Journal entry written by Lucy

Lucy kept diaries and recorded personal notes about her life on looseleaf papers which were often intermingled with her school notebooks. In this entry, Lucy recounts her anxiety about accepting a book from Ralph Schoenman, Russell’s private secretary and an employee of the Bertrand Russell Peace Foundation. She also records Russell correcting her word choices, giving her advice about her interest in writing, and discussing the possible existence of God. Despite all this advice and tutelage, Lucy feels claustrophobic and browbeaten. She includes an apt quotation from Coleridge’s “Rime of the Ancient Mariner” about the fearsome mariner monologuing.

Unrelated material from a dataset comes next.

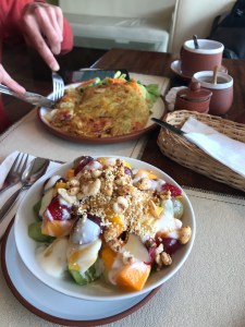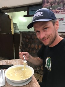 C’était ensuite l’heure du retour à l’endroit où nous avions eu un copieux déjeuner (rainbow restaurant) avec pas trop d’attentes sur ce qu’on nous servirait à dîner. Finalement, une de ses fameuses soupes péruviennes (caldo) avec du poulet et des œufs dedans en entrée puis ensuite un buffet avec des patates, du poulet, du riz, des patates encore (!) des betteraves, tequenos et légumes. C’était super bon!

Drawing of the Russell family

This child’s drawing of the Russell family—likely created by Lucy, though unsigned—depicts Bertrand Russell at the heart of a conflict, with various family members arguing around him.


Letter from Lucy to Sarah Russell

In this letter to her sister, Lucy describes being broke in London in her young adulthood. She and her boyfriend, Ahmed, “raided” Russell’s flat at Hasker Street, which they found to be a good source of tinned peas, soap, apricots, and Plas Penrhyn letterhead paper. At the time, Lucy was studying to pass her Oxford and Cambridge entrance examinations. Ahmed, who Lucy had met while travelling in Morocco in 1965, was waiting for a UK work permit. In May 1966, two months before Lucy’s eighteenth birthday, Bertrand Russell informed his solicitors of his intent to relinquish all legal and financial responsibility for Lucy (Monk 495-496).